The point total was tremendous, but if you watched the game, it looked even better. No player on the Celtics, not Robert Parrish, not Kevin McHale, not Larry Bird could stop Jordan that day. In fact, there were moments when Michael made Bird look like a turnstile on defense, his speed and quickness simply overmatching Boston's legend.
Maybe the greatest final minute of a basketball game ever happened in Game 6 of the 1998 Nba Finals.
With Karl Malone in the post looking to seal a Jazz victory, Jordan stripped the ball from Malone's hands, dribbled the ball down court, and pulled up for a jumper with Jazz defensive ace Bryon Russell all over him.
Everyone watching new the shot was good, as Jordan keeped his snapped wrist in the air for dramatic effect.
It was supposed to be the exclamation point at the end of a great career.

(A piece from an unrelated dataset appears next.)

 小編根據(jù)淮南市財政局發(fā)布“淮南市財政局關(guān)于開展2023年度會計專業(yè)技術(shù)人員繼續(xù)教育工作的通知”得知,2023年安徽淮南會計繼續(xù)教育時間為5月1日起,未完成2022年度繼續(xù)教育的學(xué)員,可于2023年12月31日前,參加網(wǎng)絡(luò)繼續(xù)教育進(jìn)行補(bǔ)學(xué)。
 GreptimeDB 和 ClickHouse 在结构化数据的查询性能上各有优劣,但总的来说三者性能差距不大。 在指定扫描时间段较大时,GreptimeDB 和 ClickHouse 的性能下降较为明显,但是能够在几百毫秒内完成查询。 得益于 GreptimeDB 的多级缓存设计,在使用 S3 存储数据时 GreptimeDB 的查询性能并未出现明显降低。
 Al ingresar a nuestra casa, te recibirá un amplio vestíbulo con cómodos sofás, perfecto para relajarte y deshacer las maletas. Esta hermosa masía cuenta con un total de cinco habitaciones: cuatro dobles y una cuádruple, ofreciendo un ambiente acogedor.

The greatest of all time, riding off into the sunset a champion.
That didn't last very long, but seeing that Michael would give up the perfect ending just to be able to continue to play this wonderful game, is really the hidden beauty of the whole moment.

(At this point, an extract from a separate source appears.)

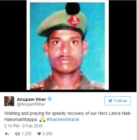 హనుమంతప్పకు దేశ వ్యాప్త ప్రార్ధనలు.. ప్రముఖుల ట్వీట్లు.
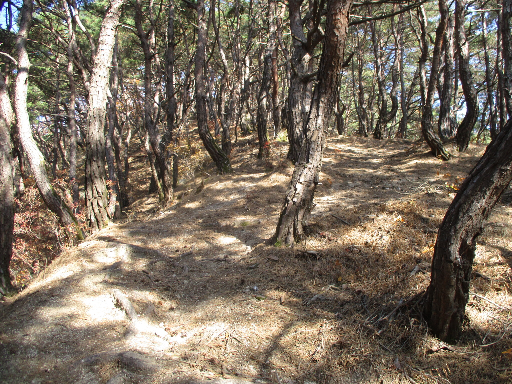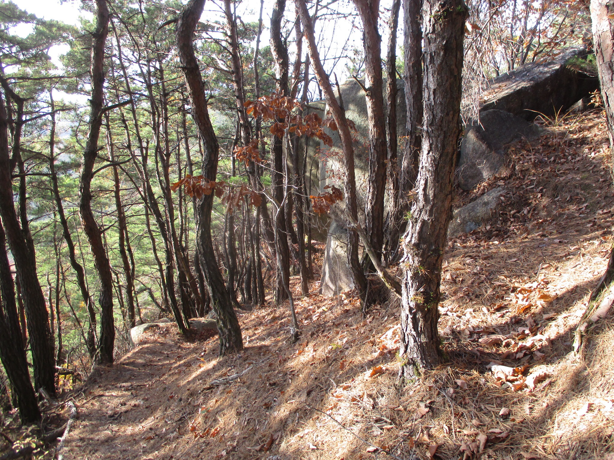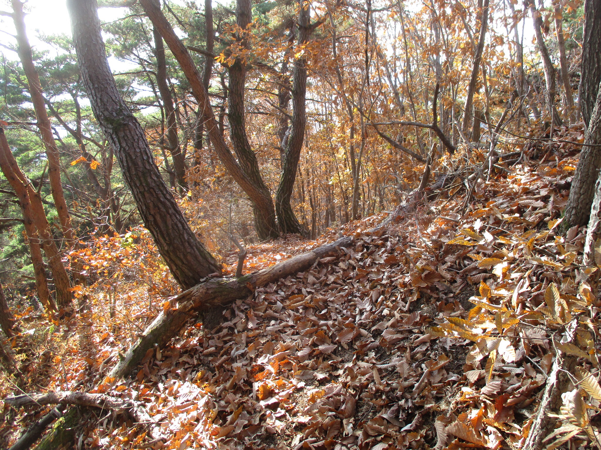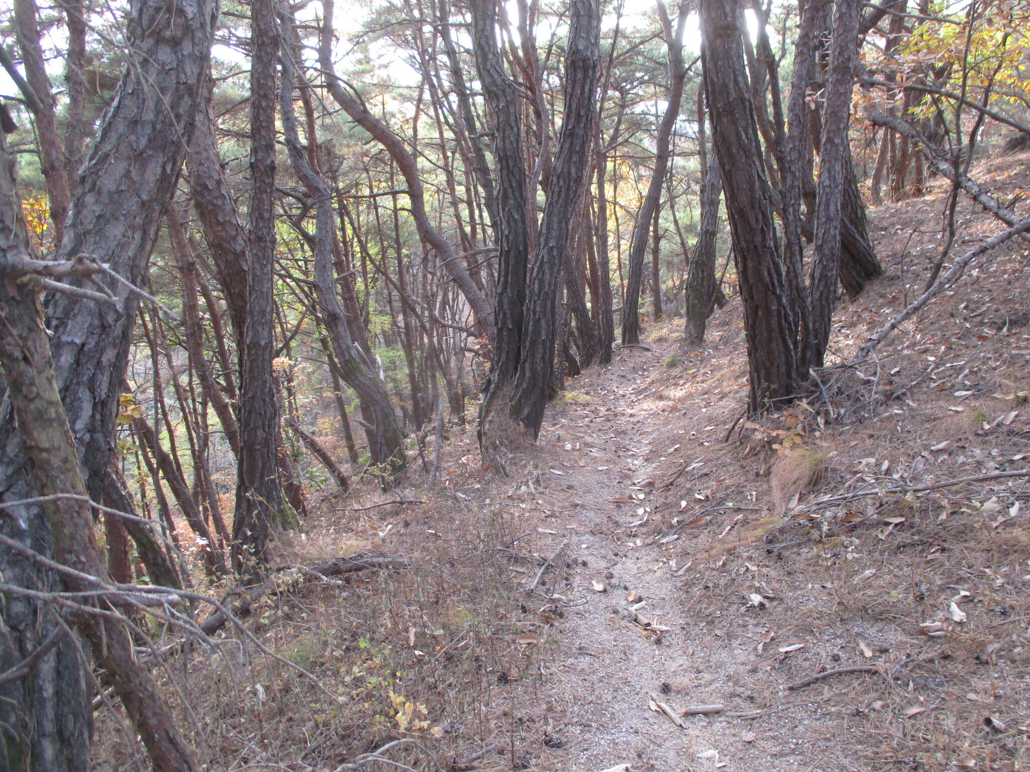 흐릿한 사면으로(갈림길 주의)~굽은 소나무,넘어진 소나무 연이어 지나~다시 왼쪽 사면으로 우회~다시 만나는

Oh, and yes, it was a push off.
Think for a second of all of the all time great players who were denied a championship because they played in the same era as Michael Jordan. Here are some names:
Dominique Wilkens, Charles Barkley, Kevin Johnson, Patrick Ewing, Gary Payton, John Stockton, Karl Malone, Larry Johnson, Shawn Kemp, Mark Jackson and Mark Price.
Plus these great players who only were able to win after MJ retired:
David Robinson, Clyde Drexler, and Hakeem Olajuwon.
If this were boxing, that would be a pretty impressive list of victories.
Anything Michael Jordan did on the basketball court, pales in comparison to Mike's contribution to pop culture simply by adding his last name to a shoe.
The Air Jordan sneaker by Nike changed the way sneakers were percieved, priced, and worn.
The shoes themselves are usually cutting edge, finely crafted, and brutally expensive pieces of high performance basketball couture. Even during the time when MJ was nowhere near a basketball court, the shoe's popularity never wained. They became so popular, that Nike created the Jordan Brand to create all types of athletic gear with MJ's name and likeness attached.
Go to any basketball court in America, from playground to pro, and you'll see a Jordan logo on someone.
And to think, those original Air Jordan's pictured above were originally banned by the NBA because they didn't contain eough white. Hilarious.